With hindsight, we now know they then fly into one of their most loved deeper cuts, ‘Play For Today’ a favourite for so many, the liquid, chiming guitar of Robert Smith as distinctive as his pleading vocals. ‘Boys Don’t Cry‘ may have come before it but this is a touchstone for the archetypal Cure sound.
‘Secrets’ seems to have come from the same writing period as its predecessor, albeit there is a guitar solo that plays around a scale and a repetitive hook that bounces around, as much as a Cure riff can bounce.
‘In Your House’ is much more fluid and less rigid, the guitar hook glides rather than stabs. Gallup’s bass is as iconic as you remember; underpinning, underscoring everything with a counter melody. It is glorious and stately.
‘Three’ is electronic experimentation, harking the Banshees and Tubeway Army. It is subtle and hypnotic. Is it a rudimentary drum machine? Is it rigor mortis human Lol Tolhurst drums? ‘The Final Sound’ is so brief it is basically preparing you for the piece de resistance, the majesty of ‘A Forest’. Here Smith and Gallup are as one, a tight, rhythmic beast, a twinned head monster of noir pop mastery. It was the one and only single from the LP and gave them their first Top of the Pops appearance when it entered the charts at No.31. Producer Mike Hedges had procured as many as seven flangers from various studios and had them running through to create the warped atmosphere of the song.

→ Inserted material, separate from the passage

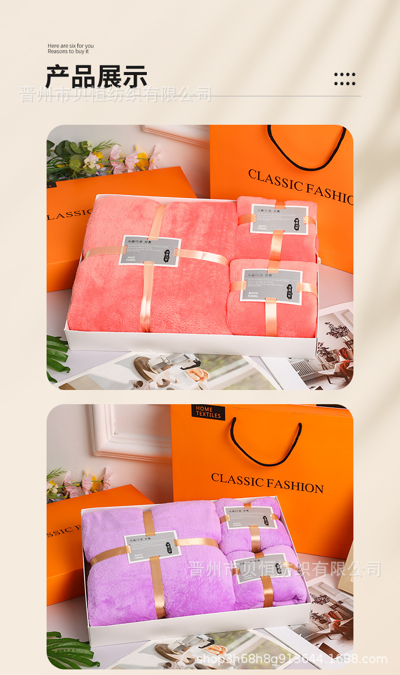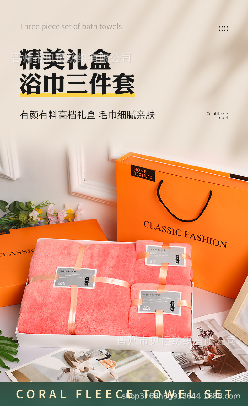 산호 양털 수건 목욕 수건 세 조각 선물 상자 큰 흡수성 목욕 타월 비즈니스 활동 선물 직원 복지 선물

The lack of budget for the recording session meant that the whole album took seven days to record and mix, which whilst being longer than Three Imaginary Boys took, is quick in anyone’s book. Recording studio techniques stretched to, literally, having tape running around the studio over pencils allowing for up to 32 bar loops of drums and bass.
‘M’ demonstrates the heavy tape delay used in the studio. Hedges and Smith were deep into using every possible technique to make this sound different.

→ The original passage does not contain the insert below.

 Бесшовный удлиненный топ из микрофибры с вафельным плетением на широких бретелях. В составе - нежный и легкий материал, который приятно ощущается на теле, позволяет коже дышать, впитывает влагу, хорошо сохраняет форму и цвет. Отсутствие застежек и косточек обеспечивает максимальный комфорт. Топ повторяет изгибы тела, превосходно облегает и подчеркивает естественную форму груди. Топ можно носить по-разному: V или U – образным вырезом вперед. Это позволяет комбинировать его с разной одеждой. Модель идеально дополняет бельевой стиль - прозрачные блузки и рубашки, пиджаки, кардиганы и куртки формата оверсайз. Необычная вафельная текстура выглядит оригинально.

‘At Night’ the original working title for ‘A Forest’, has Smith’s vocals lower in the mix so it sounds like he’s calling from far away, in an empty street, dimly lit by street lights, the synth notes full of dread, spiky, rushed guitar digs give it a horror film atmosphere.
‘Seventeen Seconds’ has a very similar guitar line but Gallup’s bass is front and centre with deep synth accentuating it.
Whether it’s because the state of the country very much echoes the late 1970’s or if we are now just so very used to how The Cure are and sound, but Seventeen Seconds isn’t as jarring as the rock hacks at the time found it, with the bizarre exception of Paul Morley who so hated their debut, he positively gushed at how “extraordinary” this was. Most found it bleak and even depressing, which we now think of as such a reductive way of viewing music that evokes feelings of loss and pain. It can be comforting that others, as great as Robert Smith, could feel the same as you, someone who can express it far better than you are able to. That chimes, that resonates.
I’m telling you things you already know about The Cure and how Robert Smith makes you feel and has made people feel for 45 years. They and he continues to do so. For someone who around the time of writing and recording this record believed he wouldn’t be alive for much longer and actively tried to make that happen, he’s very much still with us and about to inflict more of himself upon us. Bit longer than seventeen seconds.